2017 sees huge rise in Democratic women seeking to run for office in Wisconsin

MADISON (WKOW) -- In 2016, 29 year-old Kelly Danner of Dane County had a conversation that changed her life.

"It was actually an Emerge alum, and I met her knocking on doors for Hillary Clinton," said Danner. "And she talked to me for five minutes and then after that she said - 'you should run for office!'"

"Emerge" is Emerge Wisconsin, a group that trains Democratic women to run for political office.

Kelly was already intrigued after that conversation, but then in November she watched Clinton lose the presidency to Donald Trump.

"I think the last election was sort of a slap in the face, a wake up call that - if we want this to be done, maybe we do it ourselves," said Danner.

Deciding it was time to make her own run for office, Danner signed up for the 2017 Emerge Wisconsin candidate training program.

"Knocking doors and sending out mailers, and how many doors do you have to knock, and how many people are in your district. Those are all things that I had no concept of before I joined Emerge," said Danner.

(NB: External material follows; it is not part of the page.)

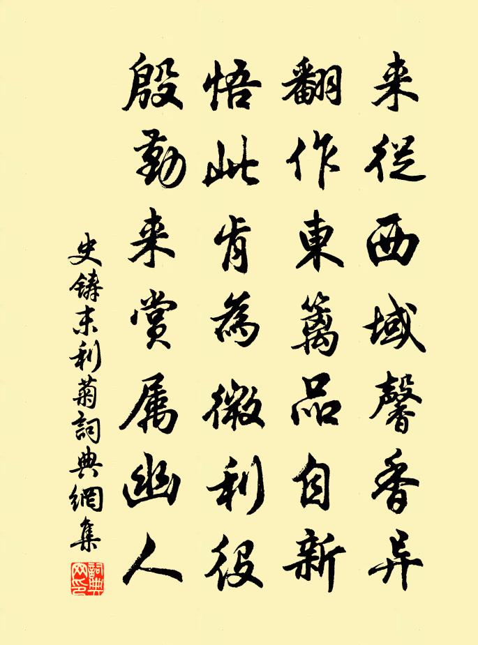 詩詞名句歷史字典書法欣賞書法字典國語詞典說文解字康熙字典古漢語字典標 題 作 者 詩 句 末利菊作者:史鑄 朝代:宋代末利菊原文來從西域馨香異,翻作東籬品自新。悟此肯為微利役,殷勤來賞屬幽人。詩詞問答問:末利菊的作者是誰?答:史鑄問:末利菊寫於哪個朝代?答:宋代史鑄末利菊書法欣賞末利菊書法作品詩詞推薦郊廟歌辭。祭方丘樂章。金奏佚名〔唐代〕坤元至德,品物資生。神凝博厚,道協高明。列鎮五嶽,環流四瀛。於何不載,萬寶斯成。元豐己未三院東閣作元豐戊午夏予尹京治陳蘇頌〔宋代〕罷尹一年重置對,去家千里涉寒溫。青雲交友難傾蓋,白髮慈親正倚門。日斷濠梁橫涕泗,夢回京口役形魂。寬恩一籮金/蝶戀花李石才〔宋代〕武陵春色濃如酒。遊冶才郎,初試花間手。絳蠟燭殘人靜後。眉峰便作傷春皺。一霎風狂和雨驟。柳嫩花柔,渾不初夏陳紀〔宋代〕梅子黃時雨又晴,春衫未脫暑猶輕。天橫遠岫半眉綠,雲漏斜陽一眼明。野樹晚風清蝶夢,曲池芳草亂蛙聲。浮生種梅李龍高〔宋代〕別嶺移根置小園,半鋤明月半鋤雲。世間下是無花卉,若個清高得似君。送周元吉顯謨左司將漕湖北三首楊萬里〔宋代〕又見周郎攜小喬,武昌赤壁醉嬌饒。蜀江雪水來三峽,吳苑風煙訪六朝。秋月春花出肝肺,新詞麗曲入笙簫。歸來菩薩蠻程垓〔宋代〕平蕪冉冉連雲綠。斜陽襯雨明溪足。小鴨睡晴沙。翠烘三兩花。春光閒婉娩。盡日無人見。試著小屏山。圖歸雲際五言重送橫飛聯句顏真卿〔唐代〕春田草未齊,春水滿長溪。 ——李崿出餞風初暖,攀光日漸西。 ——顏真卿歸期江上遠,別思月中迷。 ——偈頌二百零五首釋正覺〔宋代〕不可得而有,不可得而無。寂寂十方坐斷,寥寥一境清虛。妍醜那能瞞淨鏡,青黃莫我染明珠。剎海不能關鎖月,湖莊述懷曹彥約〔宋代〕門無賓客愧朋儕,冷淡何人諒此懷。隨意作詩無唱和,等閒沽酒不安排。每扶短杖行方穩,欲泛扁舟計未諧。方得粉蝶兒(詠圓子)史浩〔宋代〕玉屑輕盈,鮫綃霎時鋪遍。看仙娥、騁些神變。咄嗟間,如撒下、真珠一串。火方然,湯初滾、盡浮鍋面。歌樓酒蟬姜特立〔宋代〕自下高升木杪問,風為呼吸露為餐。雖雲強聒人憎惡,也勝低頭推糞丸。雜感陸游〔宋代〕故舊書來訪死生,時聞剝啄叩柴荊。自嗟不及東家老,至死無人識姓名。詠桃李世民〔唐代〕禁苑春暉麗,花蹊綺樹妝。綴條深淺色,點露參差光。向日分千笑,迎風共一香。如何仙嶺側,獨秀隱遙芳。如夢令謝應芳〔元代〕蘿屋不經風破。苔徑不教塵*。魚鼓洞仙歌,童子唱來還和。閒坐。閒坐。窗下白雲飛過。齊宣王見顏斶 / 顏斶說齊王佚名〔先秦〕齊宣王見顏斶,曰:“斶前!”斶亦曰:“王前!”宣王不說。左右曰:“王,人君也。斶,人臣也。王曰‘斶前偈傾一百六十九首釋智朋〔宋代〕雪竇頭上錐,腳下劄。拍拍是令,成就一切世界。望江南李綱〔宋代〕日下,蓑笠老江湖。”今蒙恩北歸當踐斯言,因作漁父四時詞以道意,調寄望江南雲棹遠,南浦綠波春。日暖風和答朋上人釋紹嵩〔宋代〕爭渡行人簇晚沙,歸舟天際暮雲遮。波生野水雁初下,竹映寒原日已斜。剩欲出門追笑語,可堪垂白各天涯。知公和斯立夜校試卷呈同舍十二韻晁說之〔宋代〕校藝來從魯,聞韶昔在齊。幸容葭倚樹,歡會食甘藜。禮數延文士,雄豪動武奎。嚴凝池上雪,燦爛谷中霓。喜見名句推薦雁聲不到東籬畔,滿城但、風雨淒涼吳文英《惜黃花慢·菊》 長江萬里東注,曉吹卷驚濤。吳潛《水調歌頭·焦山》 三湘愁鬢逢秋色,萬里歸心對月明。盧綸《晚次鄂州》 生當作人傑,死亦為鬼雄。李清照《夏日絕句》 謀無主則困,事無備則廢。管仲《管子·霸言》 念往昔,繁華競逐,嘆門外樓頭,悲恨相續。王安石《桂枝香·登臨送目》 令之有漸,軌之有度,寵之有節房玄齡《晉書·列傳·第六十二章》 春風不相識,何事入羅幃。李白《春思》 勝而不驕,敗而不怨。商鞅《商君書·戰法》 湖闊兼雲霧,樓孤屬晚晴。杜甫《陪裴使君登岳陽樓》

It turns out, there were a lot of women who decided to try the same thing.  

"So, the first class (of 2017) was the biggest class we've ever accepted. Usually, we're at 20 to 25 women. We took 50," said Erin Forrest, executive director of Emerge Wisconsin.

Danner is one of those 50 who will graduate from the program this Saturday.

But Forrest said there is so much interest this year, a second class has been added that will begin in August.

"And the Trump thing hasn't slowed down," said Forrest. "It's not like it was just the shock of the election. It's everything that's happened since then."

"I think that women all over the country, at the state and local level, are seeing that they need to step up if they want to see a change," added Danner.

Of the 50 women in the first class of 2017, seven have already run for public office - with five of them winning.

Kelly Danner plans to run for Dane County Board in 2018.

"They really get to deal with a lot of the health and human services topics that I'm mostly interested in," said Danner. "So, the safety net is really important to me. That's where I want to focus."

But Forrest said she is training women from rural areas across the state as well.

"We're seeing women from towns that I have to look up the names of, because I'm not 100 percent sure which part of the state they're in," said Forrest.